*DATA*.

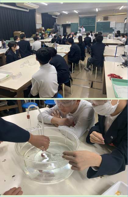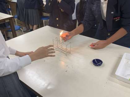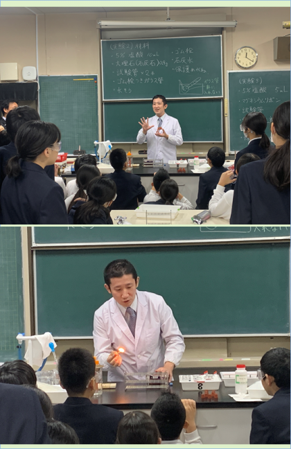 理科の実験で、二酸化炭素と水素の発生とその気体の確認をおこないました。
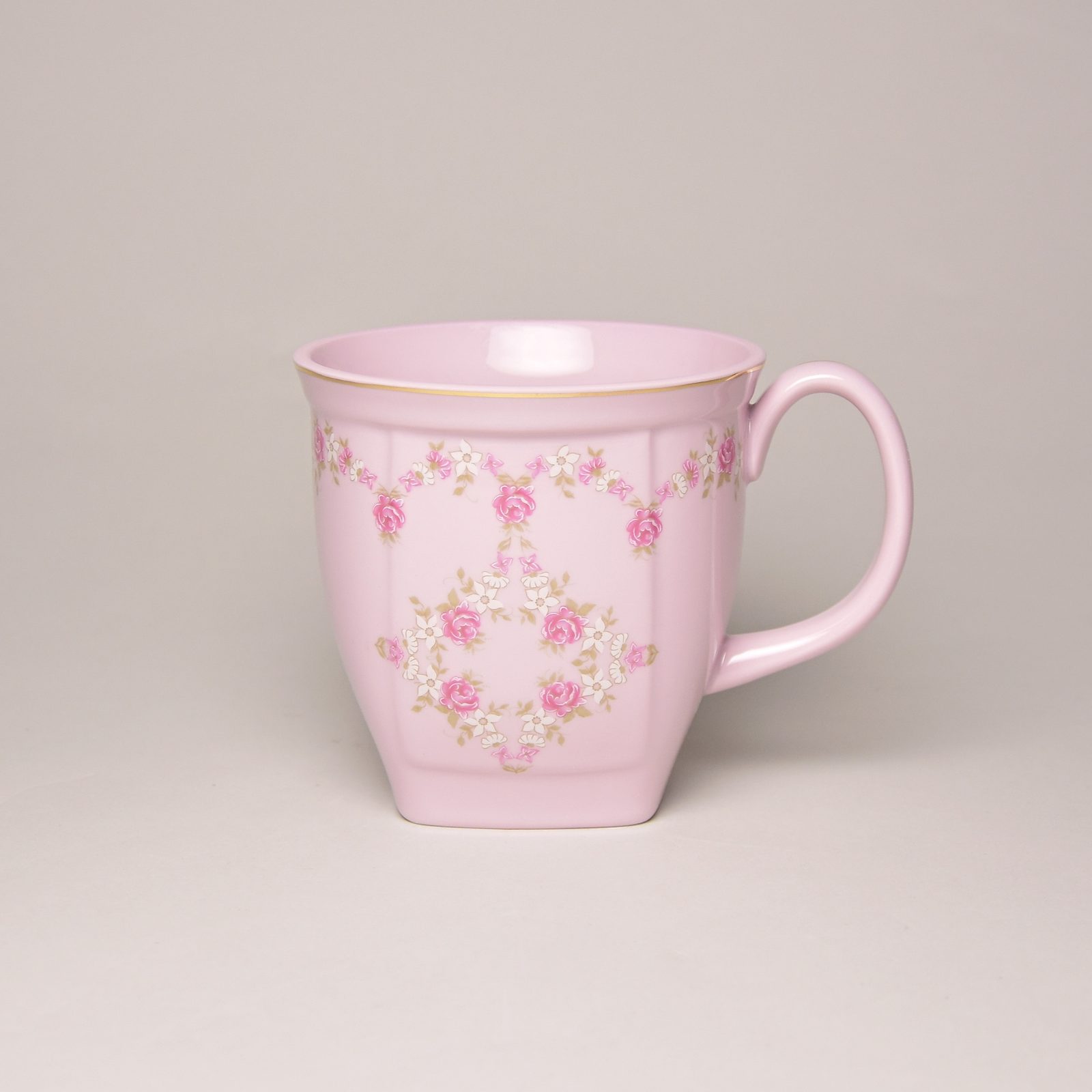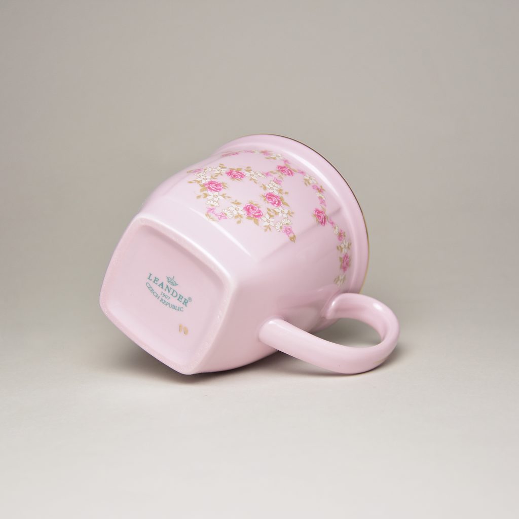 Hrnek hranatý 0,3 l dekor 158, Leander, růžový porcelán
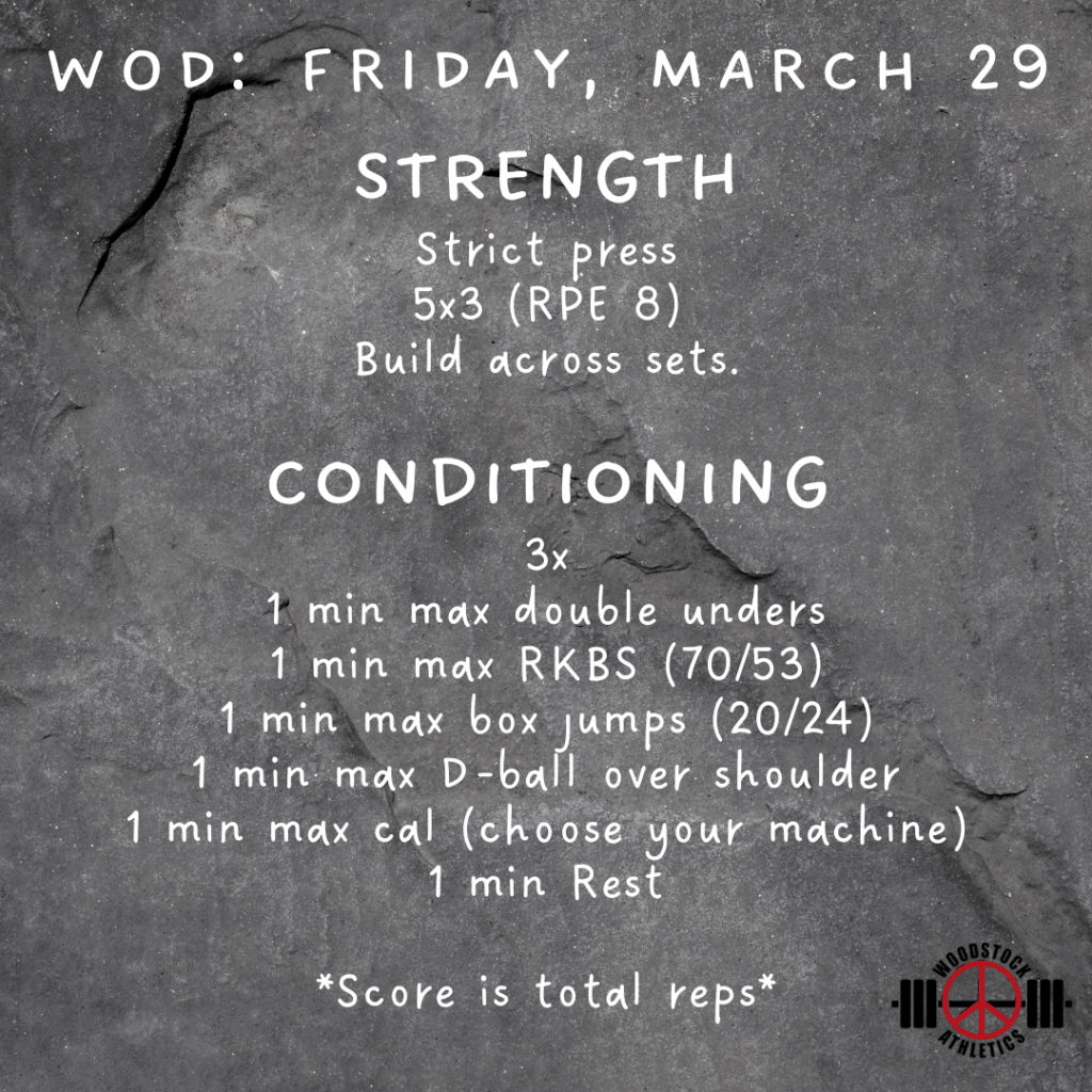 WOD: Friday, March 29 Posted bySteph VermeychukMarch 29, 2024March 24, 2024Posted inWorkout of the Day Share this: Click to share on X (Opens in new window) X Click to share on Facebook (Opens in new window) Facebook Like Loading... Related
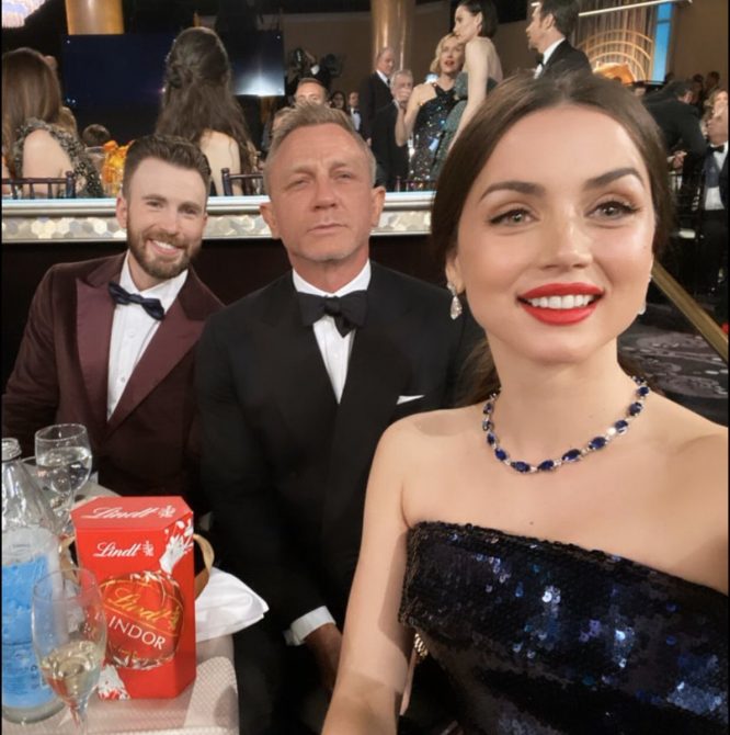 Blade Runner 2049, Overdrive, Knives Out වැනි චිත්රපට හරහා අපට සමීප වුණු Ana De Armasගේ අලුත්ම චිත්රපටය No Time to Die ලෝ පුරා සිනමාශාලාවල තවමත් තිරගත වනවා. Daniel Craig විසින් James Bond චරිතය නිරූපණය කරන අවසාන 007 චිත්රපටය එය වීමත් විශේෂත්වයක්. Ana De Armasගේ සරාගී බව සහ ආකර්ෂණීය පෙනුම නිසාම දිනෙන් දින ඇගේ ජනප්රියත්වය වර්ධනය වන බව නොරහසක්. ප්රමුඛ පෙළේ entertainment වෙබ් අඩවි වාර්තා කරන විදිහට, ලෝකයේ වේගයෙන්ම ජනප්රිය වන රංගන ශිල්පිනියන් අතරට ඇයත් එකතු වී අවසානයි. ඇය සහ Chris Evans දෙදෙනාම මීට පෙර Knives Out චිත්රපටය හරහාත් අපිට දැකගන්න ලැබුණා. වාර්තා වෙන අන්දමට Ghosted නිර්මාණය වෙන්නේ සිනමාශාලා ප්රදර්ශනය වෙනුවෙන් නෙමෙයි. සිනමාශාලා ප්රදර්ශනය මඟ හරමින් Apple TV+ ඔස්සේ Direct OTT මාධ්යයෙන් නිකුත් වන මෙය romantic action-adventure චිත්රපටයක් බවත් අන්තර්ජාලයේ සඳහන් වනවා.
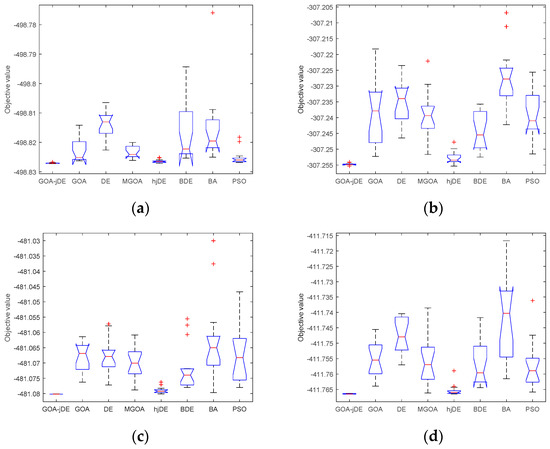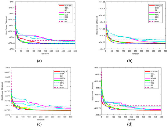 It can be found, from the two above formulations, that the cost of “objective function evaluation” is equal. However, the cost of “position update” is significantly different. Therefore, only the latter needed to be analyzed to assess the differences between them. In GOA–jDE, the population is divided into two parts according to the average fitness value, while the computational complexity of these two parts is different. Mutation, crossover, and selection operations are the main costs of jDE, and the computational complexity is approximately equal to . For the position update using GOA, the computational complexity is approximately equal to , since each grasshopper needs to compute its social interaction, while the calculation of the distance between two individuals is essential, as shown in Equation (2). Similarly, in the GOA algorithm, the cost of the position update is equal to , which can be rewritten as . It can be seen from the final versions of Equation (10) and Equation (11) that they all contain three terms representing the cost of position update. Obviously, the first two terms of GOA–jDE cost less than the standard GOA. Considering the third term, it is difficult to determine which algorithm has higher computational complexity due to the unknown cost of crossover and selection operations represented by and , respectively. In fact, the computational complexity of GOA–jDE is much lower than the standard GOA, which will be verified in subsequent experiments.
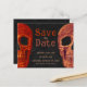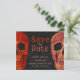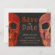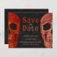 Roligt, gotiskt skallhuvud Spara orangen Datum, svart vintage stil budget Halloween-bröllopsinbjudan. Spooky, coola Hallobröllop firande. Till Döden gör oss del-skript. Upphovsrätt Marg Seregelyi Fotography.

*YOUR OBJECTIVE*. Beginning with the first line of the records above, extract each line exactly through the line that holds "WOD: Friday, March", both ends included. Omit pictures.

*SOLVED EXERCISE*.
 理科の実験で、二酸化炭素と水素の発生とその気体の確認をおこないました。
 Hrnek hranatý 0,3 l dekor 158, Leander, růžový porcelán
 WOD: Friday, March 29 Posted bySteph VermeychukMarch 29, 2024March 24, 2024Posted inWorkout of the Day Share this: Click to share on X (Opens in new window) X Click to share on Facebook (Opens in new window) Facebook Like Loading... Related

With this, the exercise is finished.